**Exercise directions**
Data follows below. Repeat exactly the lines between the line holding "Add some handy" and the line holding "SANVANINA Zuma Zipper", inclusive, and nothing more; drop pictures.

**Task data**
--

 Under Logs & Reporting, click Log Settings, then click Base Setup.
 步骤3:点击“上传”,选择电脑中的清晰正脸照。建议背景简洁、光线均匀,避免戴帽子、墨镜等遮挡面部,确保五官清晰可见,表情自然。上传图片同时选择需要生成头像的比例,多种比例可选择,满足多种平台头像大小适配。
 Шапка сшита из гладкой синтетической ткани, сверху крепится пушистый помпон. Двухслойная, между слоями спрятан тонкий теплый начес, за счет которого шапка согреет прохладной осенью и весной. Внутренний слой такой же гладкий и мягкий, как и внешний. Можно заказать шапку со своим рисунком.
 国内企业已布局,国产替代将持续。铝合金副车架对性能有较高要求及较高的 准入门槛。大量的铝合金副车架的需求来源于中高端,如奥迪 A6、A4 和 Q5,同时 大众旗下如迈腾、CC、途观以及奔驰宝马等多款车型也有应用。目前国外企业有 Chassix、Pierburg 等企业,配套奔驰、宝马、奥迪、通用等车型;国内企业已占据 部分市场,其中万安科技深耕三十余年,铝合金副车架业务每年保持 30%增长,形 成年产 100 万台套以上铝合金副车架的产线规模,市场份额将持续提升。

--

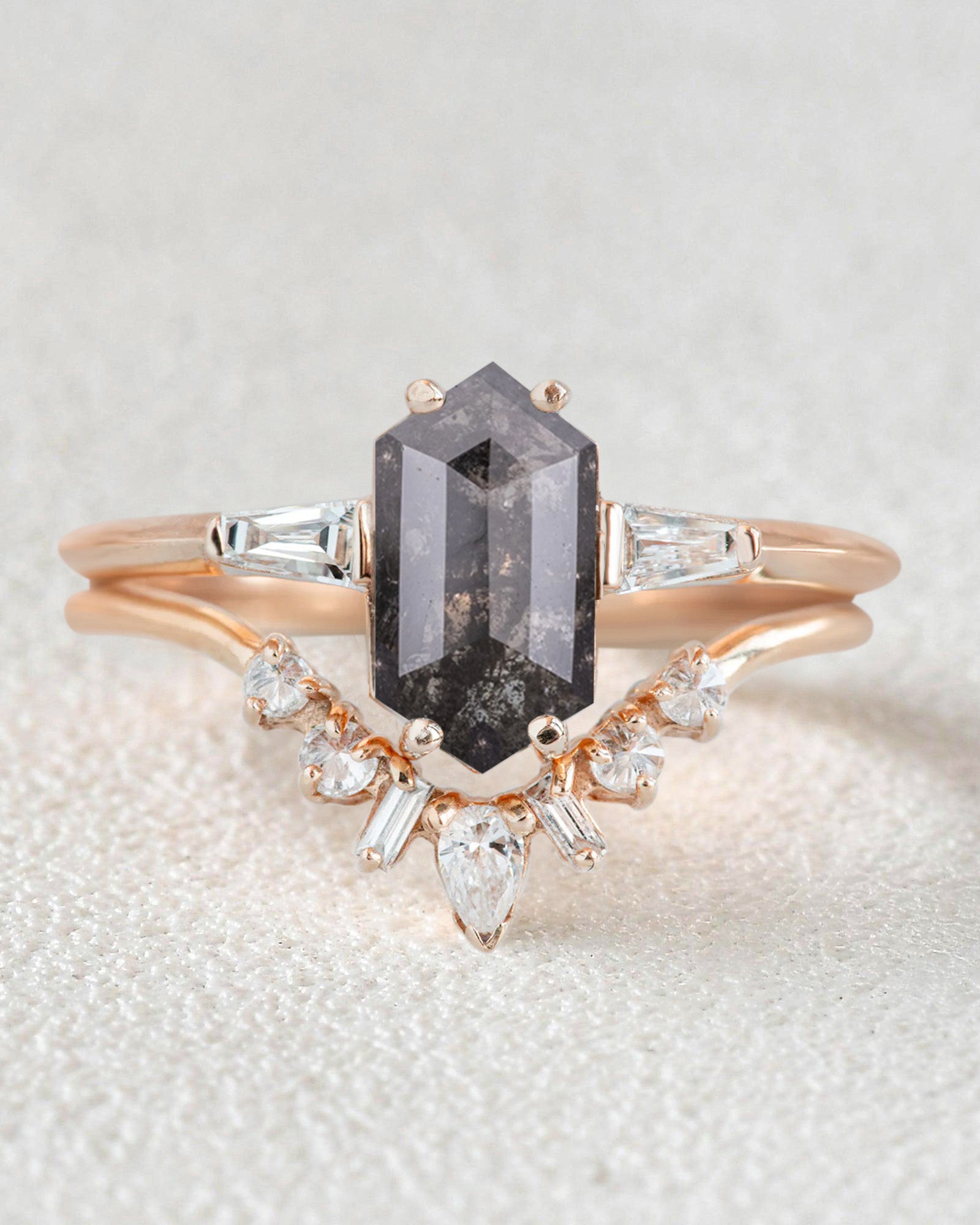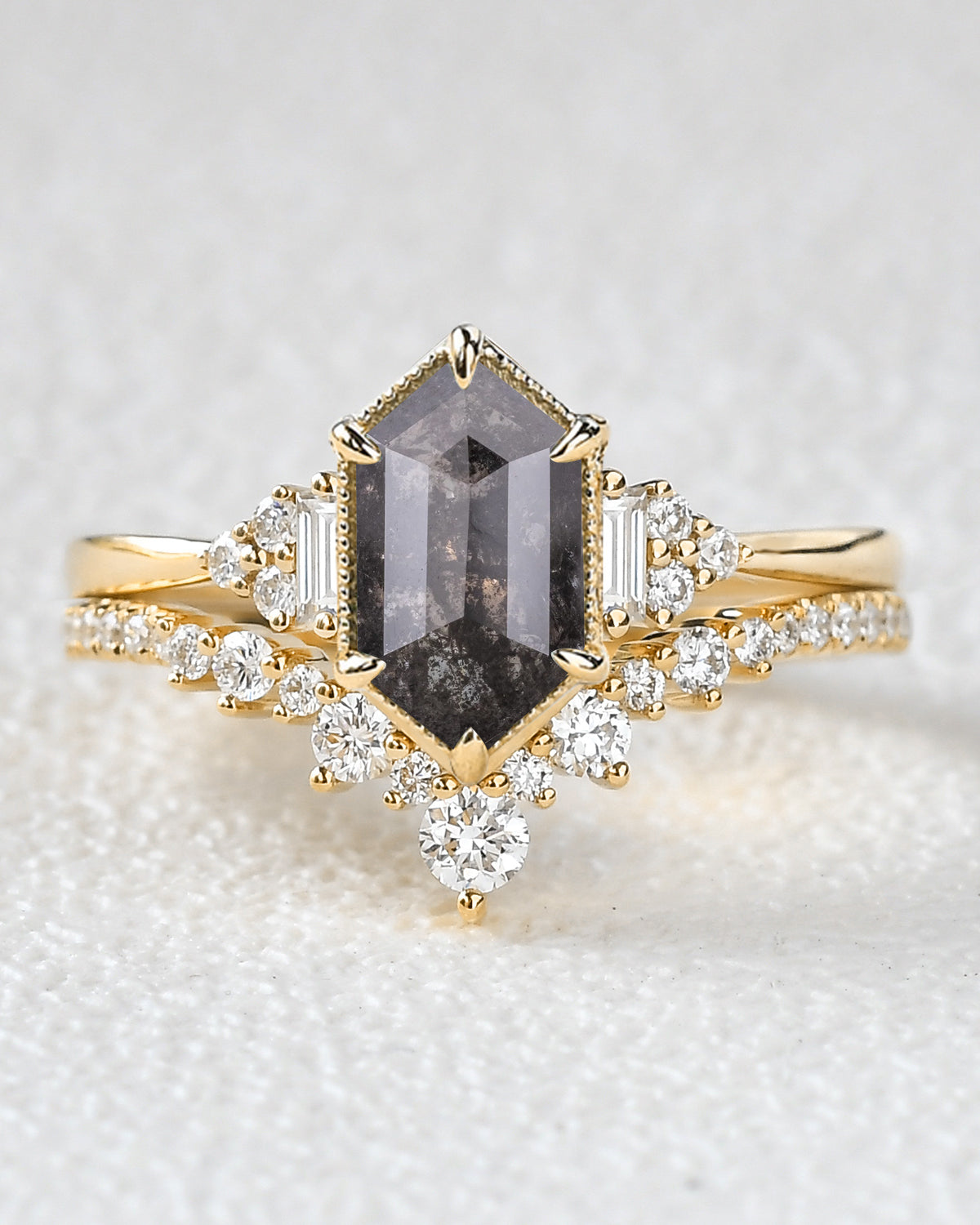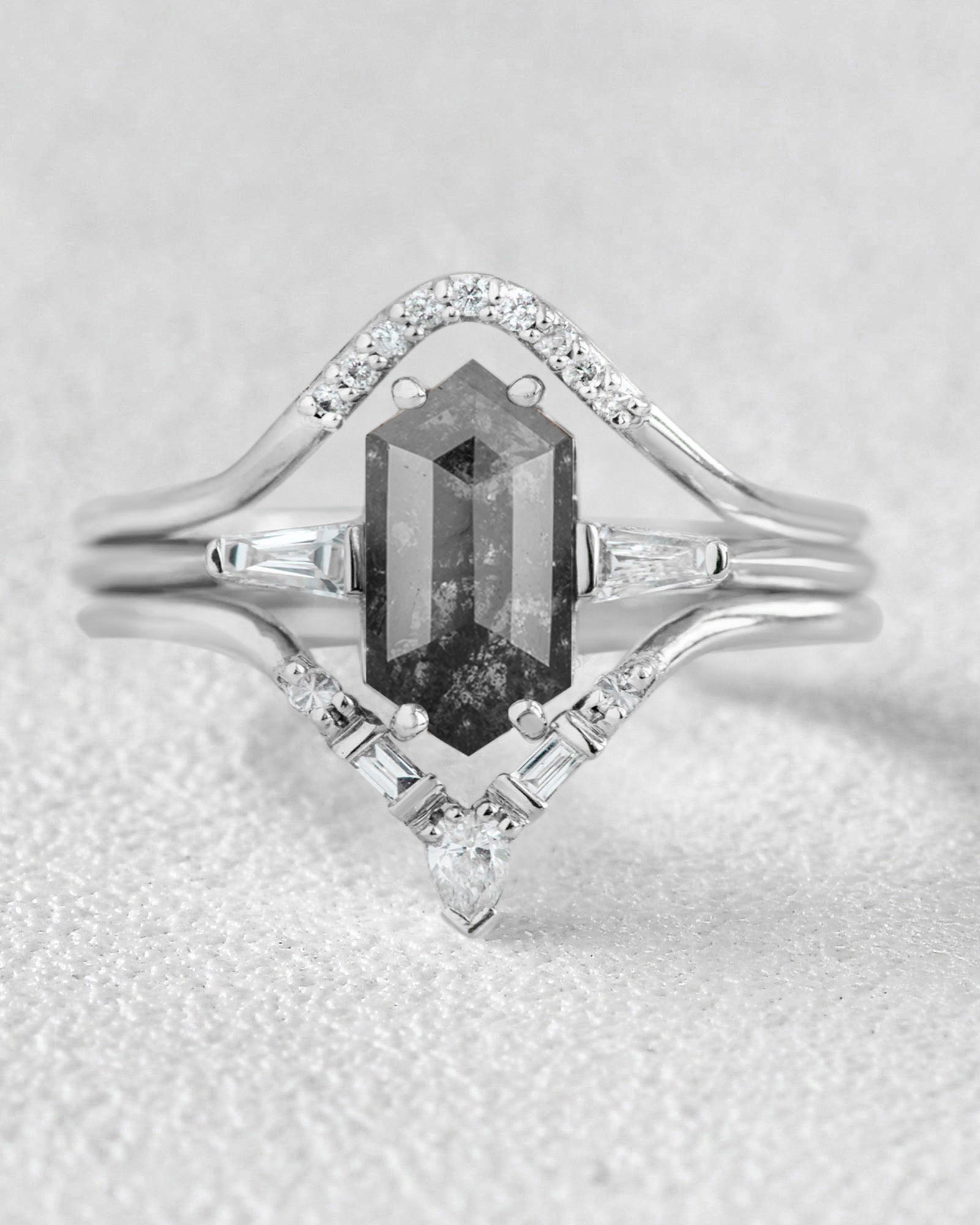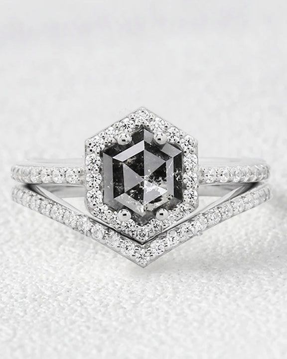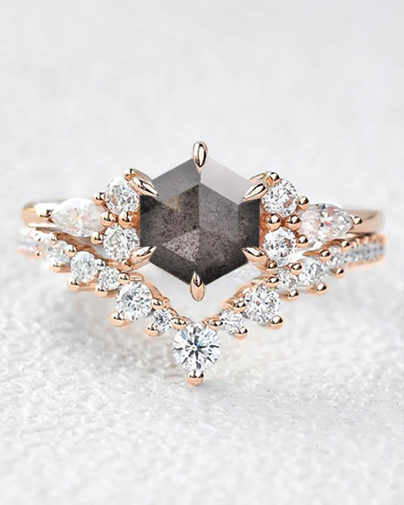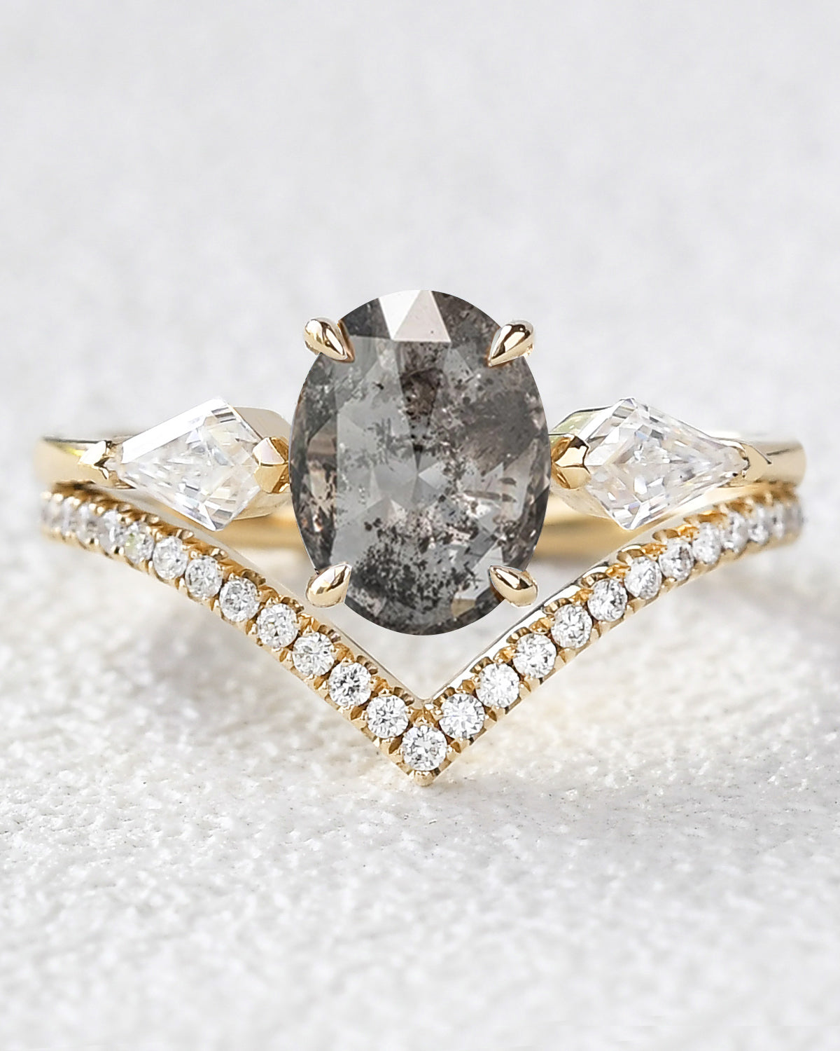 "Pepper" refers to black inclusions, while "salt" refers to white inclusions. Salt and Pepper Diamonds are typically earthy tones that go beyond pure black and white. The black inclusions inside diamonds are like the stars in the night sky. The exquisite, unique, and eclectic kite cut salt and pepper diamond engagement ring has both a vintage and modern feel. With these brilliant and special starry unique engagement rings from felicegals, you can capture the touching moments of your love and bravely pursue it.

--

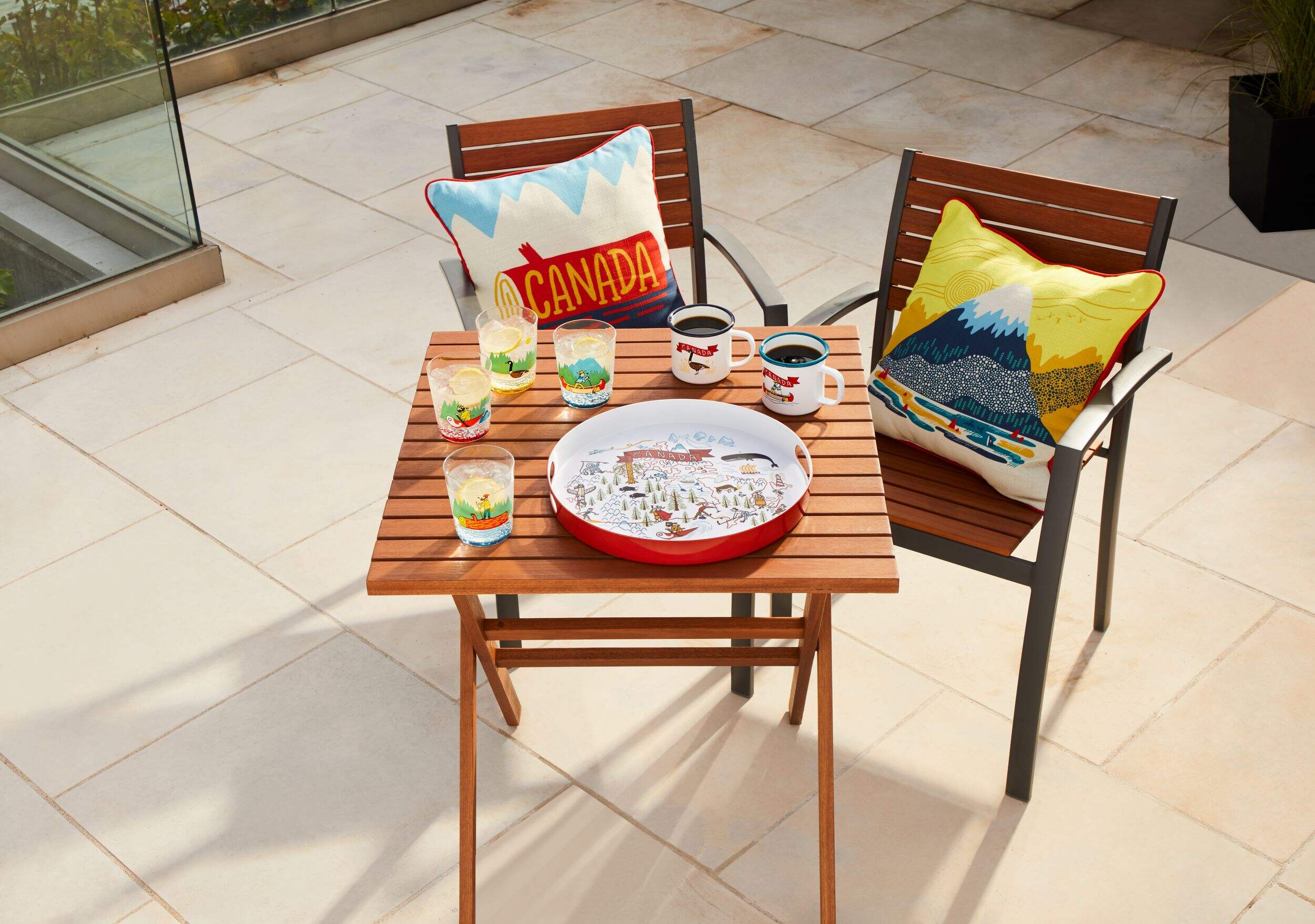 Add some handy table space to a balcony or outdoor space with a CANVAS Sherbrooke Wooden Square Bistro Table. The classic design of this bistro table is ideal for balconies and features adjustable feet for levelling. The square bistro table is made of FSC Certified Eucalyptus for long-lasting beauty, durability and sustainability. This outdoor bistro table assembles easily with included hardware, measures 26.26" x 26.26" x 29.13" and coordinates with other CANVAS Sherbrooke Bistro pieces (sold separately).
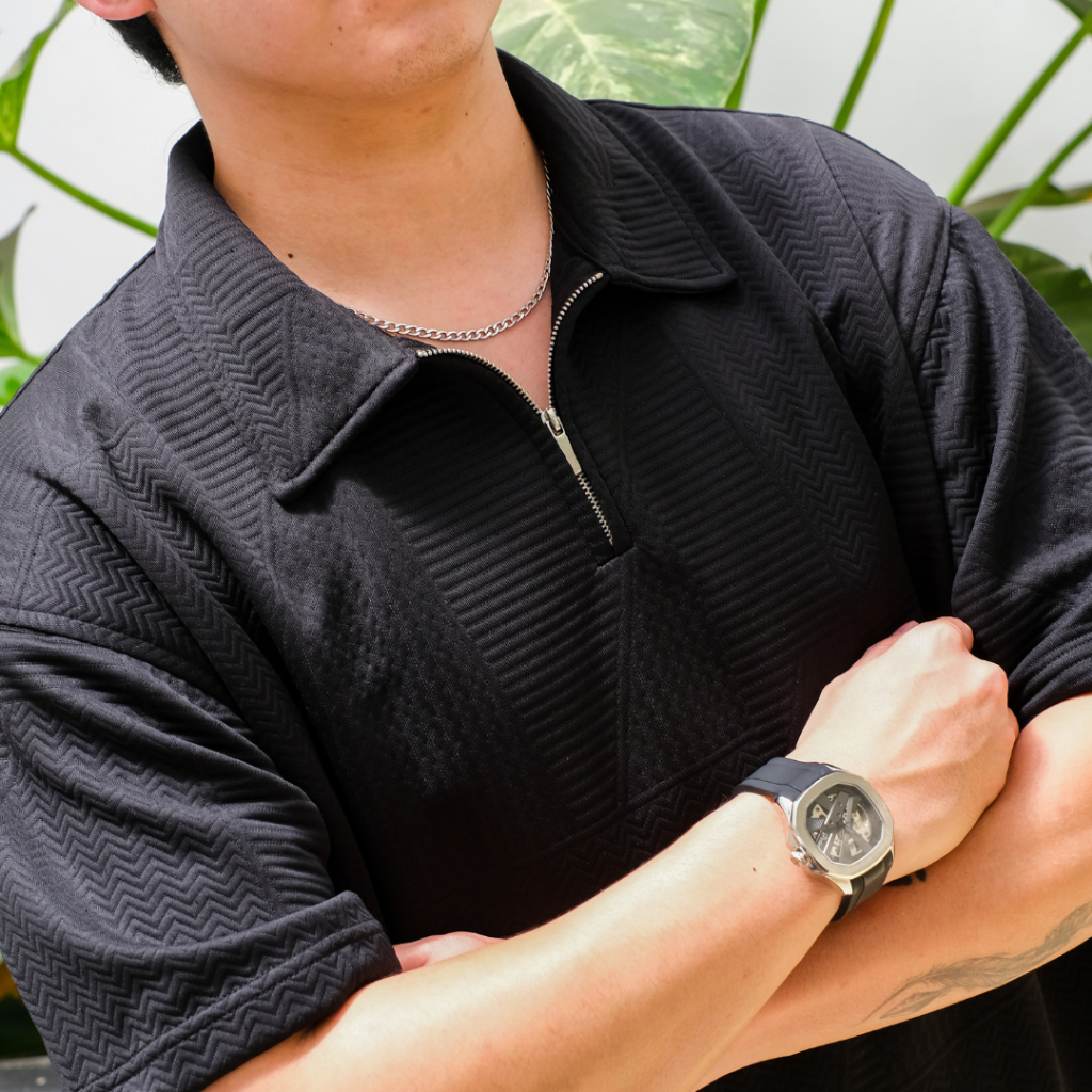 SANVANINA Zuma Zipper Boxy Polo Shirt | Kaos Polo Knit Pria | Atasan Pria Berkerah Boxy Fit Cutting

--

**Result below**
 Add some handy table space to a balcony or outdoor space with a CANVAS Sherbrooke Wooden Square Bistro Table. The classic design of this bistro table is ideal for balconies and features adjustable feet for levelling. The square bistro table is made of FSC Certified Eucalyptus for long-lasting beauty, durability and sustainability. This outdoor bistro table assembles easily with included hardware, measures 26.26" x 26.26" x 29.13" and coordinates with other CANVAS Sherbrooke Bistro pieces (sold separately).
 SANVANINA Zuma Zipper Boxy Polo Shirt | Kaos Polo Knit Pria | Atasan Pria Berkerah Boxy Fit Cutting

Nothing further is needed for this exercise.